Researchers use the supercomputer Fugaku to simulate the effectiveness of a partition for preventing droplets from coughing from spreading in a typical office setting. (Provided by Riken Center for Computational Science and Toyohashi University of Technology. Supported by Kyoto Institute of Technology and Osaka University)
According to a report from various scientists in Japan, the odds of COVID-19 being transmitted by an infected person are 18.7 times greater in a closed environment versus and open-air one. So while general exposure risk can’t be ruled out, transmission is much less likely to occur outdoors compared to indoor areas especially offices, elevators, hospital rooms, restaurants, nursing homes and public transportation. A key factor that makes indoor areas higher risk for contracting the coronavirus is a lack of adequate ventilation. Because offices especially lack the necessary ventilation systems to curb the spread of the virus, in addition to having many areas that multiple people touch throughout the day, many companies are continuing to keep their employees at home.
Because transmission of the SARS-CoV-2 virus that causes COVID-19 spreads via tiny droplets from an infected person that can also become aerosolized, it can be difficult to visualize what the spread actually looks like. However, Fugaku, the world’s fastest supercomputer located at Japan’s RIKEN institute, has remedied the situation by providing powerful visualizations of how far and wide and infected person can spread the virus in enclosed spaces. A predictive algorithm was used to show patterns in how the virus-laden droplets spread in an office cubicle and on a commuter train. A digital video simulation showed both the time and extent of the droplets’ spread.
The office-space simulation depicts one person coughing and emitting a plume of blue-colored droplets that spread around them even though the desk space is equipped with a partition. The droplets then continue to spread and some end up on nearby co-workers and their desks as well. Another simulation showed a packed commuter train with open windows where someone coughs and the infected droplets similarly spread rapidly and far distances, putting other passengers at risk. Despite, the presence of ventilation, it wasn’t adequate given the number of people in close proximity. Although both simulations showed the highest concentrations of droplets right in front of the infected individual, it’s also clear that the risk of contracting the virus are high in indoor crowded spaces with only a single infected person.
In addition to the simulation, Fugaku is also working on finding different drug combinations that might be affective against the disease as part of RIKEN’s membership in the COVID-19 High Performance Computing Consortium since June. Researchers at RIKEN are also working on molecular simulations of how the coronavirus attaches to human cells. Prior political battles in Japan over the development of supercomputers resulted in a need to prove that Fugaku was not only the fastest computer but also one with practical functionality to benefit society. It appears that the criteria was met because not only is Fugaku being used against COVID-19, it’s also being deployed to make climate and weather predictions.
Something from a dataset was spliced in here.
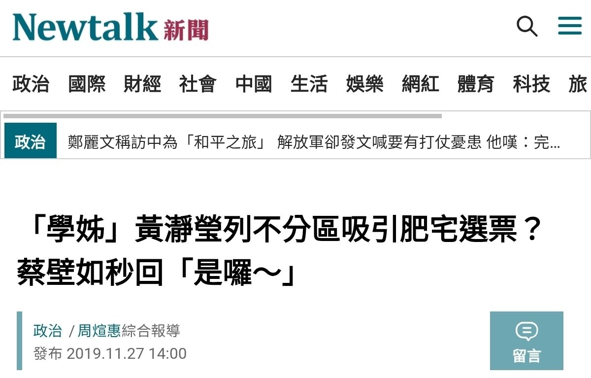 金釵 樣板與地方選舉留言』,寥寥數字,盡是對民眾黨女性最惡劣的重傷。

“Ten years after the initial concept was proposed, and six years after the official start of the project, Fugaku is now near completion,” stated Satoshi Matsuoka, director of RIKEN R-CCS. “Fugaku was developed based on the idea of achieving high performance on a variety of applications of great public interest, such as the achievement of Society 5.0, and we are very happy that it has shown itself to be outstanding on all the major supercomputer benchmarks. In addition to its use as a supercomputer, I hope that the leading-edge IT developed for it will contribute to major advances on difficult social challenges such as COVID-19.”
The full development of Fugaku won’t technically be complete until 2021, at which time it’s slated to be put toward high priority social and scientific uses. In the interim it will continue to be used in an experimental fashion on COVID-19 and other research, while its creators bask in the supercomputer’s achievements. In June 2020 Fugaku became the top supercomputing system on the Top 500 list and Graph 500 list. It’s built with a Fujitsu A64FX microprocessor and has 158,976 nodes.